Тоня обняла его, и они плакали вместе — в первый раз от счастья.
***
Вечером они пошли к реке. Лодка совсем развалилась, лежала на боку, заросшая травой. Они сели на берегу, на то самое место, где сидели двенадцать лет назад.
— Помнишь, ты спросил, выдержит ли наша любовь? — сказала Тоня.
— Помню, — кивнул он.
— Выдержала, — она улыбнулась. — Все выдержала. И это, — она обвела рукой реку, деревню, небо, — и это, — она коснулась его груди, где билось сердце. — Все выдержала.
— А знаешь, что выдержало еще? — спросил он.
— Что?
— Правда. Та, которую ты сказала тогда, маленькая. Про кровь. Ты была права. Кровь — она только чтобы по жилам бегать. А все остальное — от души.
Она посмотрела на него долгим, любящим взглядом.
— Пошли домой, — сказала она. — Ванька заждался.
— Пошли.
Они встали, взялись за руки и пошли по тропинке вверх, к деревне, к дому, к сыну. Солнце садилось за рекой, окрашивая небо в золото и багрянец. Где-то пел соловей — поздний, осенний, но все равно соловей.
— Слышишь? — спросила Тоня.
— Слышу, — ответил он.
— Это к счастью.
Они улыбнулись друг другу и пошли дальше.
***
1975 год
Старая лодка совсем сгнила, рассыпалась в труху. На ее месте теперь стояла скамейка — Михаська смастерил своими руками, когда Ванечка женился.
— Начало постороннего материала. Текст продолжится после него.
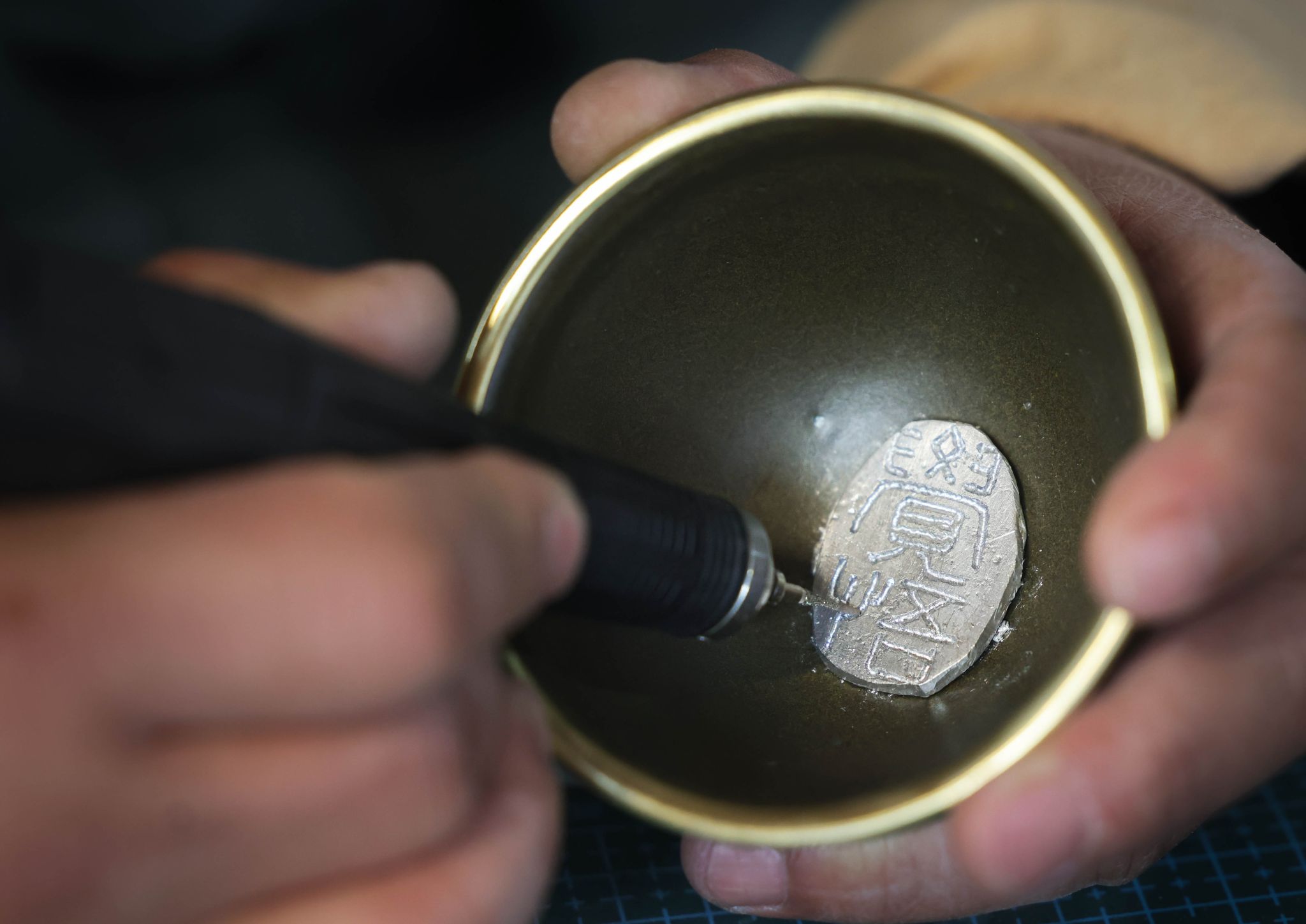 伴随着敲敲打打的声音,张占伟动作娴熟地将一处磕碰缺口的瓷壶,经过细绳绑定、上弓打眼、截铜造锔、扬锤敲锔等10余道工序后,破碎的瓷器“重获新生”。

Сидеть любили здесь все — и молодые, и старые.
Михаська сидел на скамейке и смотрел на реку. Седина давно посеребрила виски, руки в мозолях. Рядом сидела Тоня — такая же седая, но с теми же серыми глазами,
— О чем думаешь? — спросила она.
— О нас, — ответил он. — О том, как все начиналось. Помнишь ту надпись на двери? «Сын врага».
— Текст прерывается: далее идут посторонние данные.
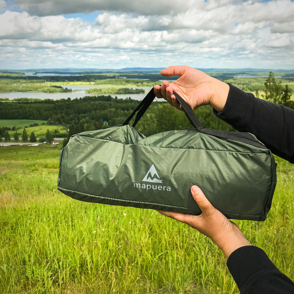 - Außenzelt: 75D Polyester mit 5.000 mm Wassersäule, versiegelte Nähte
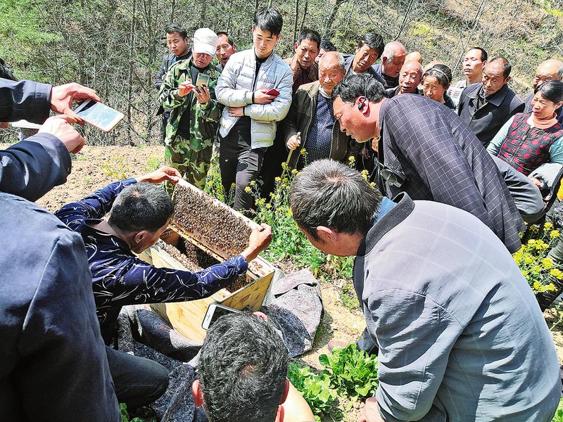 3月25日,商州區(qū)農業(yè)農村局培訓中心在沙河子鎮(zhèn)石窯子村養(yǎng)蜂基地開展中華蜂養(yǎng)殖實用技術培訓,該村50多戶貧困戶參加培訓。培訓通過現(xiàn)場教學,手把手為養(yǎng)蜂農戶釋疑解惑。(記者 費翔 攝)

— Помню, — кивнула она. — И как ты сказал: «Это просто краска, смоем».
— А ты сказала: «Кровь — она чтобы по жилам бегать». Глупая была, смешная.
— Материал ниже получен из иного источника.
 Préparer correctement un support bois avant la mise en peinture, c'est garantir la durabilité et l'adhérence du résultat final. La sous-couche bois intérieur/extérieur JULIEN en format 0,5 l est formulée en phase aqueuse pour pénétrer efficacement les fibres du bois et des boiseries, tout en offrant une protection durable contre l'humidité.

— Умная я была, — возразила она. — Самая умная на свете. Потому что сразу поняла, что ты — это ты. А все остальное — ерунда.
Он обнял ее, прижал к себе. Где-то на реке показалась лодка — внук рыбачил, их Ванькин сын, такой же вихрастый, как Михаська в детстве.
— Деда, баба! — закричал он издалека. — Глядите, какую щуку поймал!
— Молодец! — крикнул Михаська в ответ. — Тащи домой, бабка уху сварит!
Мальчишка засмеялся и погреб к берегу. А они сидели на скамейке, смотрели на закат и молчали. Им не нужно было слов. Они и так знали все, что нужно знать.
Что любовь есть. Что она сильнее страха, сильнее лжи, сильнее смерти. Что если двое держатся друг за друга, никакая система их не сломает.
Что правда всегда побеждает. Даже если для этого нужно полжизни.
Солнце садилось за реку. Начинался новый вечер, новая ночь, новый день.
А они сидели и смотрели, как течет вода. Как течет жизнь. Как течет любовь — вечная, бесконечная, непобедимая.